SUPPLIED MATERIAL START
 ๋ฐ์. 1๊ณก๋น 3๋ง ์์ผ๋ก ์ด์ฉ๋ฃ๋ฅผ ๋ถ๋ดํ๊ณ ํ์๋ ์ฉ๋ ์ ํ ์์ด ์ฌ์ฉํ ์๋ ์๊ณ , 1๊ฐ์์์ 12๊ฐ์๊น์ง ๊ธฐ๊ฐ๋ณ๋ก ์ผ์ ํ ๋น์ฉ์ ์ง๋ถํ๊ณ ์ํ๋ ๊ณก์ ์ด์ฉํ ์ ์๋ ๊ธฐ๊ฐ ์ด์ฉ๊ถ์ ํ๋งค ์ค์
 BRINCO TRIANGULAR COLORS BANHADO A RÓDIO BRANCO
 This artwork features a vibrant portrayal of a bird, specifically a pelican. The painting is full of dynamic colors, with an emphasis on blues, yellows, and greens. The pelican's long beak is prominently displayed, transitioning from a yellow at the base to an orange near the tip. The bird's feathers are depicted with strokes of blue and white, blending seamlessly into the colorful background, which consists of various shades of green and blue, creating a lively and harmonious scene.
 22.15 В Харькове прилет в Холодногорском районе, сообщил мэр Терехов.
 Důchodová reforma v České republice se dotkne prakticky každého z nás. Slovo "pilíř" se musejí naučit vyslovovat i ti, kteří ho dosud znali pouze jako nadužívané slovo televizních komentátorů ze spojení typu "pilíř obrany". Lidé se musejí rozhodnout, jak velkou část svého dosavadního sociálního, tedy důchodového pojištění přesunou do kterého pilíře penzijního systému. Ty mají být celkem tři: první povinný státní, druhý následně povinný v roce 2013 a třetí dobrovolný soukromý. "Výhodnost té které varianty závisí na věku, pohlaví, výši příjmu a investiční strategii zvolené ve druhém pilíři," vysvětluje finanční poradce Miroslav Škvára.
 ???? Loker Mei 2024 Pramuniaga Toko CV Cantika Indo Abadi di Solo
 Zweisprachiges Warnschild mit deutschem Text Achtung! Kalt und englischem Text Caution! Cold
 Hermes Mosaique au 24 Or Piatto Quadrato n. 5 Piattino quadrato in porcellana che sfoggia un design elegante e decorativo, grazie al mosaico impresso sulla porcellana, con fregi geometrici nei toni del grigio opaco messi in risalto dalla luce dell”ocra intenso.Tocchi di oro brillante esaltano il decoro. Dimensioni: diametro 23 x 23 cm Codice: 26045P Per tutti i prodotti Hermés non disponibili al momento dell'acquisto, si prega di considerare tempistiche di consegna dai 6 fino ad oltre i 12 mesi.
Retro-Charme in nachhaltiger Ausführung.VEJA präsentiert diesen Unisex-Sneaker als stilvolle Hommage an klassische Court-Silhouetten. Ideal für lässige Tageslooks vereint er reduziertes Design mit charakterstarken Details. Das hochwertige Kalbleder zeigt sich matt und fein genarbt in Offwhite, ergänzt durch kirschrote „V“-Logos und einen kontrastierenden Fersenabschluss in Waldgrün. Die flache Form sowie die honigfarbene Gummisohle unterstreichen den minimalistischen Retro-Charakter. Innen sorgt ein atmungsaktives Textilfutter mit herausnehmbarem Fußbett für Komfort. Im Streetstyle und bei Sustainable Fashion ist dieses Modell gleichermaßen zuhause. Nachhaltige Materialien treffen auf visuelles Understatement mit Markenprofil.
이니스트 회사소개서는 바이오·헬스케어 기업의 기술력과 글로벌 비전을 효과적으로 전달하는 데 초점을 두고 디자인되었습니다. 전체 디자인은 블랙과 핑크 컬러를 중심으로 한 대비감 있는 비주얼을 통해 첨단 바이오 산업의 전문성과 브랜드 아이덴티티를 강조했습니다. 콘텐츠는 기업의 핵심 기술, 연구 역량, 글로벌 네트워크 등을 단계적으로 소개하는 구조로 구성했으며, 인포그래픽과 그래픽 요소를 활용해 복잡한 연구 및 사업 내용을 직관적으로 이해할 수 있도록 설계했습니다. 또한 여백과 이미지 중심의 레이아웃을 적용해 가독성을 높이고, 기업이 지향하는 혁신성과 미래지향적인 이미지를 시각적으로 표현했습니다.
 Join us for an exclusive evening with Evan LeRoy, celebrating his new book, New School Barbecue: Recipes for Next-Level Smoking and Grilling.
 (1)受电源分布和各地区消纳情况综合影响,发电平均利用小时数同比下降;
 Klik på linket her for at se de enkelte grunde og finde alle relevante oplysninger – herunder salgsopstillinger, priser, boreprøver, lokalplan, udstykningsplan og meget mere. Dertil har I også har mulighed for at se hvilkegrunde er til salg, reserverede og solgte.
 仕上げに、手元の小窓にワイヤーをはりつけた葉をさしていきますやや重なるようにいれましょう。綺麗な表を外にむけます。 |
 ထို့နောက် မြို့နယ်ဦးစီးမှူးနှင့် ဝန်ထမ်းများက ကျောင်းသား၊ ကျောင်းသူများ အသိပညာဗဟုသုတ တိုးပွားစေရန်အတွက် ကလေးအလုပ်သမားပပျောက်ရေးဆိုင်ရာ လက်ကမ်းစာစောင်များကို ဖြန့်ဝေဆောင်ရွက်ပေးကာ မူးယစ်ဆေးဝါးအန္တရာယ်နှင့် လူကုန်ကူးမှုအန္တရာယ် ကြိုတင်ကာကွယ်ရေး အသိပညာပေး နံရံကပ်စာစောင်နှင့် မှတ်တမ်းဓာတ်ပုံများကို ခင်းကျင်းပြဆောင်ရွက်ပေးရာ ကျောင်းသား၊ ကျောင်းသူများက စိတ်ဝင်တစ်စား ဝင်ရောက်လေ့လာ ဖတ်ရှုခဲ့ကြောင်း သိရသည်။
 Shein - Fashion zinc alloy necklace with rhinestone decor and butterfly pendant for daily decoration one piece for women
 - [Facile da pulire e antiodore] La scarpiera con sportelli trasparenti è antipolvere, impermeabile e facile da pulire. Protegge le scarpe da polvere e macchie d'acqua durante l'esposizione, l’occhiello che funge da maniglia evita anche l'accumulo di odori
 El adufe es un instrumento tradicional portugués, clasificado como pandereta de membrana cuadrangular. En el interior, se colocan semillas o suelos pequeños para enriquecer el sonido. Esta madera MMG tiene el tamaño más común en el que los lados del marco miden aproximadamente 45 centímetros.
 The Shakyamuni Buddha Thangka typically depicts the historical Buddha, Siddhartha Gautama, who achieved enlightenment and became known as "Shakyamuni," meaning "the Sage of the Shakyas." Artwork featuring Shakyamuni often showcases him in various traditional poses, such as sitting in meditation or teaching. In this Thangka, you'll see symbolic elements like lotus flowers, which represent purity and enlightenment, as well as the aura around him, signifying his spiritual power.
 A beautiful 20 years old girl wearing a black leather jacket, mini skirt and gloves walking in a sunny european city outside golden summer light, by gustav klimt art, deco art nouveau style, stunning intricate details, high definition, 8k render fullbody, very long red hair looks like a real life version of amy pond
SUPPLIED MATERIAL END
> _WHAT THE EXERCISE ASKS_
Please write out the records from above, keeping every line exact.

> _YOUR SOLUTION_
 ๋ฐ์. 1๊ณก๋น 3๋ง ์์ผ๋ก ์ด์ฉ๋ฃ๋ฅผ ๋ถ๋ดํ๊ณ ํ์๋ ์ฉ๋ ์ ํ ์์ด ์ฌ์ฉํ ์๋ ์๊ณ , 1๊ฐ์์์ 12๊ฐ์๊น์ง ๊ธฐ๊ฐ๋ณ๋ก ์ผ์ ํ ๋น์ฉ์ ์ง๋ถํ๊ณ ์ํ๋ ๊ณก์ ์ด์ฉํ ์ ์๋ ๊ธฐ๊ฐ ์ด์ฉ๊ถ์ ํ๋งค ์ค์
 BRINCO TRIANGULAR COLORS BANHADO A RÓDIO BRANCO
 This artwork features a vibrant portrayal of a bird, specifically a pelican. The painting is full of dynamic colors, with an emphasis on blues, yellows, and greens. The pelican's long beak is prominently displayed, transitioning from a yellow at the base to an orange near the tip. The bird's feathers are depicted with strokes of blue and white, blending seamlessly into the colorful background, which consists of various shades of green and blue, creating a lively and harmonious scene.
 22.15 В Харькове прилет в Холодногорском районе, сообщил мэр Терехов.
 Důchodová reforma v České republice se dotkne prakticky každého z nás. Slovo "pilíř" se musejí naučit vyslovovat i ti, kteří ho dosud znali pouze jako nadužívané slovo televizních komentátorů ze spojení typu "pilíř obrany". Lidé se musejí rozhodnout, jak velkou část svého dosavadního sociálního, tedy důchodového pojištění přesunou do kterého pilíře penzijního systému. Ty mají být celkem tři: první povinný státní, druhý následně povinný v roce 2013 a třetí dobrovolný soukromý. "Výhodnost té které varianty závisí na věku, pohlaví, výši příjmu a investiční strategii zvolené ve druhém pilíři," vysvětluje finanční poradce Miroslav Škvára.
 ???? Loker Mei 2024 Pramuniaga Toko CV Cantika Indo Abadi di Solo
 Zweisprachiges Warnschild mit deutschem Text Achtung! Kalt und englischem Text Caution! Cold
 Hermes Mosaique au 24 Or Piatto Quadrato n. 5 Piattino quadrato in porcellana che sfoggia un design elegante e decorativo, grazie al mosaico impresso sulla porcellana, con fregi geometrici nei toni del grigio opaco messi in risalto dalla luce dell”ocra intenso.Tocchi di oro brillante esaltano il decoro. Dimensioni: diametro 23 x 23 cm Codice: 26045P Per tutti i prodotti Hermés non disponibili al momento dell'acquisto, si prega di considerare tempistiche di consegna dai 6 fino ad oltre i 12 mesi.
Retro-Charme in nachhaltiger Ausführung.VEJA präsentiert diesen Unisex-Sneaker als stilvolle Hommage an klassische Court-Silhouetten. Ideal für lässige Tageslooks vereint er reduziertes Design mit charakterstarken Details. Das hochwertige Kalbleder zeigt sich matt und fein genarbt in Offwhite, ergänzt durch kirschrote „V“-Logos und einen kontrastierenden Fersenabschluss in Waldgrün. Die flache Form sowie die honigfarbene Gummisohle unterstreichen den minimalistischen Retro-Charakter. Innen sorgt ein atmungsaktives Textilfutter mit herausnehmbarem Fußbett für Komfort. Im Streetstyle und bei Sustainable Fashion ist dieses Modell gleichermaßen zuhause. Nachhaltige Materialien treffen auf visuelles Understatement mit Markenprofil.
이니스트 회사소개서는 바이오·헬스케어 기업의 기술력과 글로벌 비전을 효과적으로 전달하는 데 초점을 두고 디자인되었습니다. 전체 디자인은 블랙과 핑크 컬러를 중심으로 한 대비감 있는 비주얼을 통해 첨단 바이오 산업의 전문성과 브랜드 아이덴티티를 강조했습니다. 콘텐츠는 기업의 핵심 기술, 연구 역량, 글로벌 네트워크 등을 단계적으로 소개하는 구조로 구성했으며, 인포그래픽과 그래픽 요소를 활용해 복잡한 연구 및 사업 내용을 직관적으로 이해할 수 있도록 설계했습니다. 또한 여백과 이미지 중심의 레이아웃을 적용해 가독성을 높이고, 기업이 지향하는 혁신성과 미래지향적인 이미지를 시각적으로 표현했습니다.
 Join us for an exclusive evening with Evan LeRoy, celebrating his new book, New School Barbecue: Recipes for Next-Level Smoking and Grilling.
 (1)受电源分布和各地区消纳情况综合影响,发电平均利用小时数同比下降;
 Klik på linket her for at se de enkelte grunde og finde alle relevante oplysninger – herunder salgsopstillinger, priser, boreprøver, lokalplan, udstykningsplan og meget mere. Dertil har I også har mulighed for at se hvilkegrunde er til salg, reserverede og solgte.
 仕上げに、手元の小窓にワイヤーをはりつけた葉をさしていきますやや重なるようにいれましょう。綺麗な表を外にむけます。 |
 ထို့နောက် မြို့နယ်ဦးစီးမှူးနှင့် ဝန်ထမ်းများက ကျောင်းသား၊ ကျောင်းသူများ အသိပညာဗဟုသုတ တိုးပွားစေရန်အတွက် ကလေးအလုပ်သမားပပျောက်ရေးဆိုင်ရာ လက်ကမ်းစာစောင်များကို ဖြန့်ဝေဆောင်ရွက်ပေးကာ မူးယစ်ဆေးဝါးအန္တရာယ်နှင့် လူကုန်ကူးမှုအန္တရာယ် ကြိုတင်ကာကွယ်ရေး အသိပညာပေး နံရံကပ်စာစောင်နှင့် မှတ်တမ်းဓာတ်ပုံများကို ခင်းကျင်းပြဆောင်ရွက်ပေးရာ ကျောင်းသား၊ ကျောင်းသူများက စိတ်ဝင်တစ်စား ဝင်ရောက်လေ့လာ ဖတ်ရှုခဲ့ကြောင်း သိရသည်။
 Shein - Fashion zinc alloy necklace with rhinestone decor and butterfly pendant for daily decoration one piece for women
 - [Facile da pulire e antiodore] La scarpiera con sportelli trasparenti è antipolvere, impermeabile e facile da pulire. Protegge le scarpe da polvere e macchie d'acqua durante l'esposizione, l’occhiello che funge da maniglia evita anche l'accumulo di odori
 El adufe es un instrumento tradicional portugués, clasificado como pandereta de membrana cuadrangular. En el interior, se colocan semillas o suelos pequeños para enriquecer el sonido. Esta madera MMG tiene el tamaño más común en el que los lados del marco miden aproximadamente 45 centímetros.
 The Shakyamuni Buddha Thangka typically depicts the historical Buddha, Siddhartha Gautama, who achieved enlightenment and became known as "Shakyamuni," meaning "the Sage of the Shakyas." Artwork featuring Shakyamuni often showcases him in various traditional poses, such as sitting in meditation or teaching. In this Thangka, you'll see symbolic elements like lotus flowers, which represent purity and enlightenment, as well as the aura around him, signifying his spiritual power.
 A beautiful 20 years old girl wearing a black leather jacket, mini skirt and gloves walking in a sunny european city outside golden summer light, by gustav klimt art, deco art nouveau style, stunning intricate details, high definition, 8k render fullbody, very long red hair looks like a real life version of amy pond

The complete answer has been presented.